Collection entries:
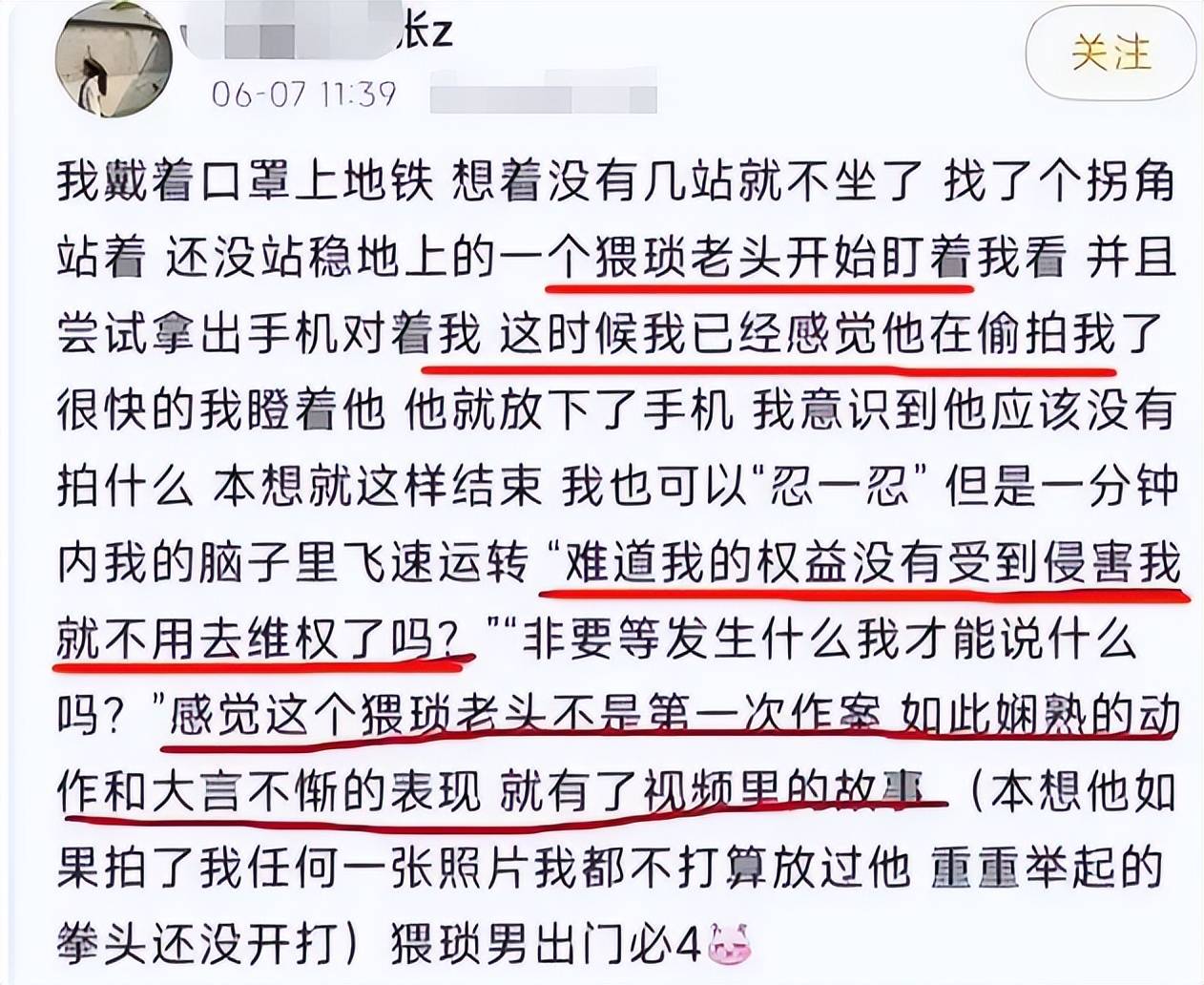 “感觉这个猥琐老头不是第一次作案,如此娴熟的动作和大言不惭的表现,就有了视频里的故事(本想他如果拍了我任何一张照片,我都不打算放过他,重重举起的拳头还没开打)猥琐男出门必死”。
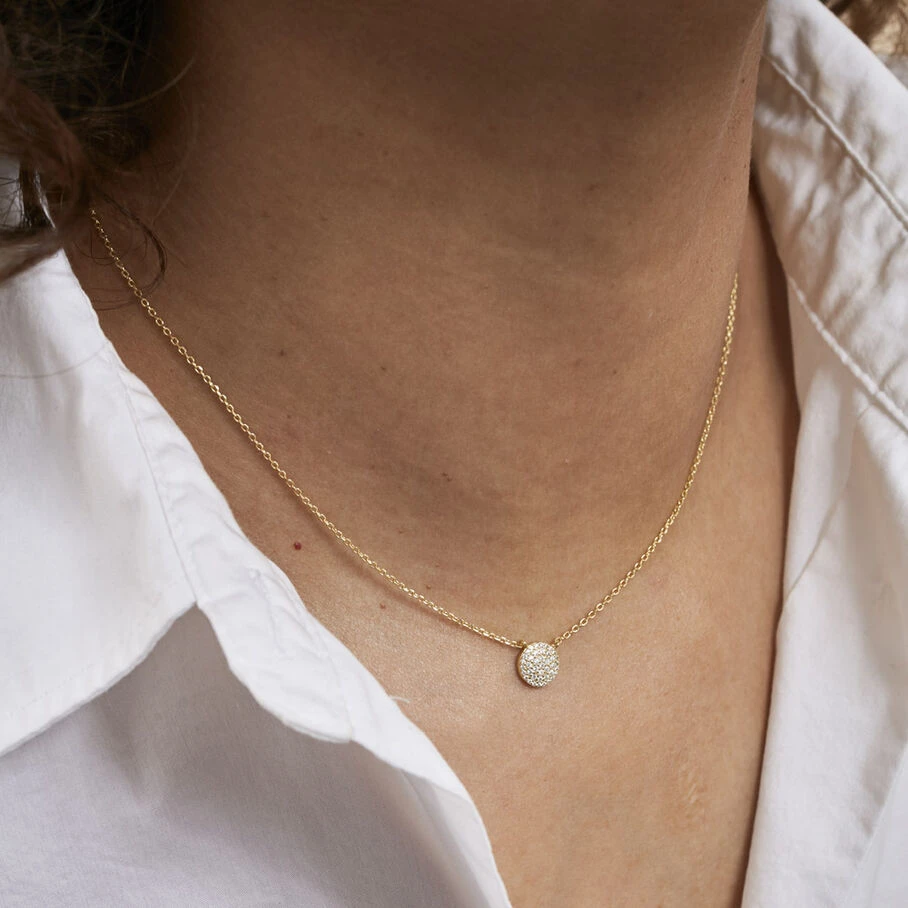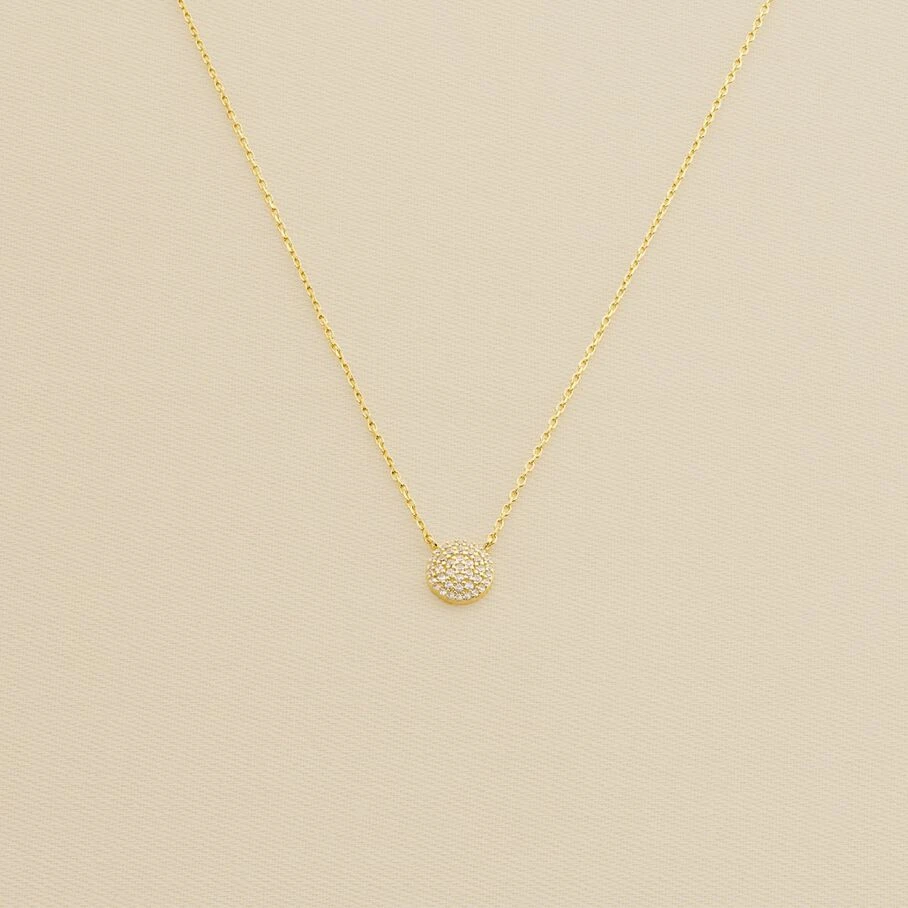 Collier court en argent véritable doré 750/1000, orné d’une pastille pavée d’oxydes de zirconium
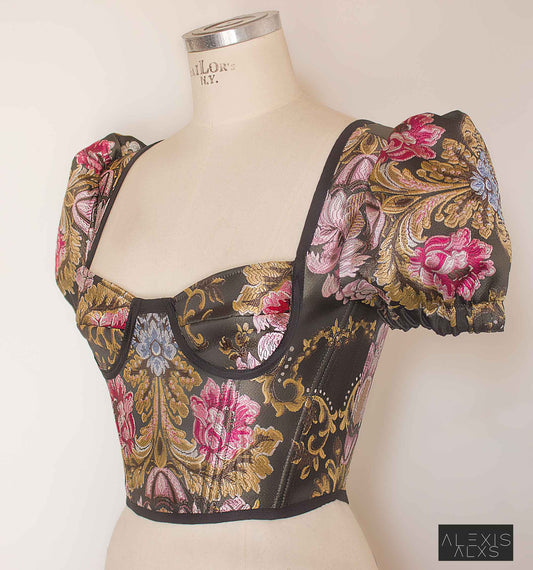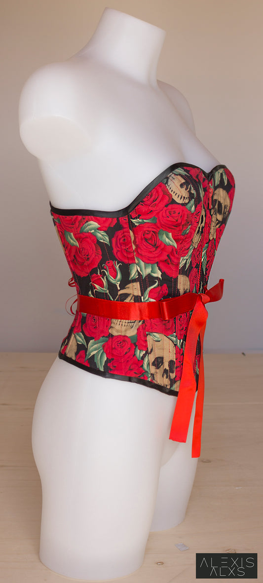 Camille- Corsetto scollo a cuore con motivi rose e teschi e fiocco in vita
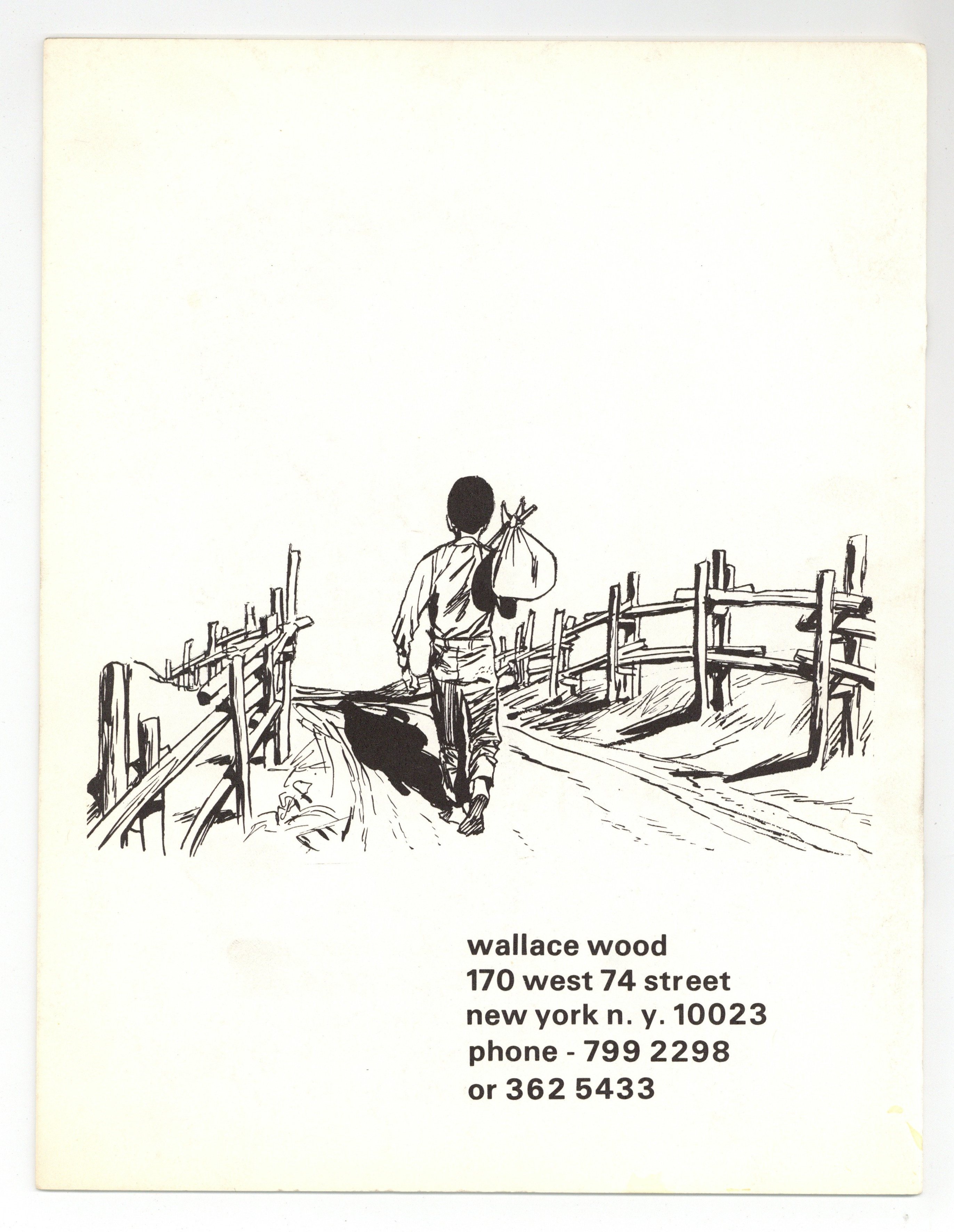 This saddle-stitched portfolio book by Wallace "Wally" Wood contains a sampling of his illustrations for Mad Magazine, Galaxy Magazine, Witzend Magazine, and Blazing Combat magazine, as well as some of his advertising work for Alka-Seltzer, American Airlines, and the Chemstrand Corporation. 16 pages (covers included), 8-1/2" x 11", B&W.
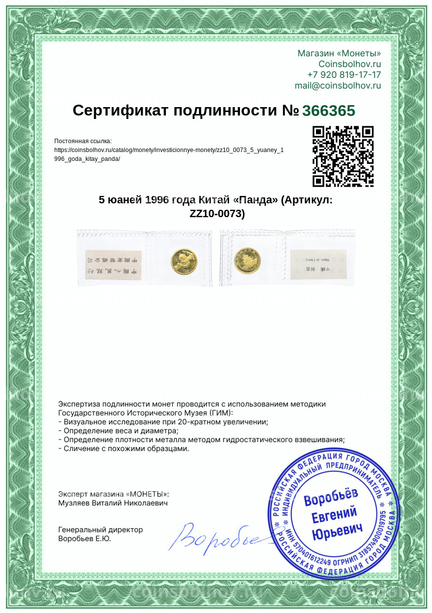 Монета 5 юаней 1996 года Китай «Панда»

• [What is required]
Output a precise copy of the entries, leaving the images out.

• [Your solution]
 “感觉这个猥琐老头不是第一次作案,如此娴熟的动作和大言不惭的表现,就有了视频里的故事(本想他如果拍了我任何一张照片,我都不打算放过他,重重举起的拳头还没开打)猥琐男出门必死”。
 Collier court en argent véritable doré 750/1000, orné d’une pastille pavée d’oxydes de zirconium
 Camille- Corsetto scollo a cuore con motivi rose e teschi e fiocco in vita
 This saddle-stitched portfolio book by Wallace "Wally" Wood contains a sampling of his illustrations for Mad Magazine, Galaxy Magazine, Witzend Magazine, and Blazing Combat magazine, as well as some of his advertising work for Alka-Seltzer, American Airlines, and the Chemstrand Corporation. 16 pages (covers included), 8-1/2" x 11", B&W.
 Монета 5 юаней 1996 года Китай «Панда»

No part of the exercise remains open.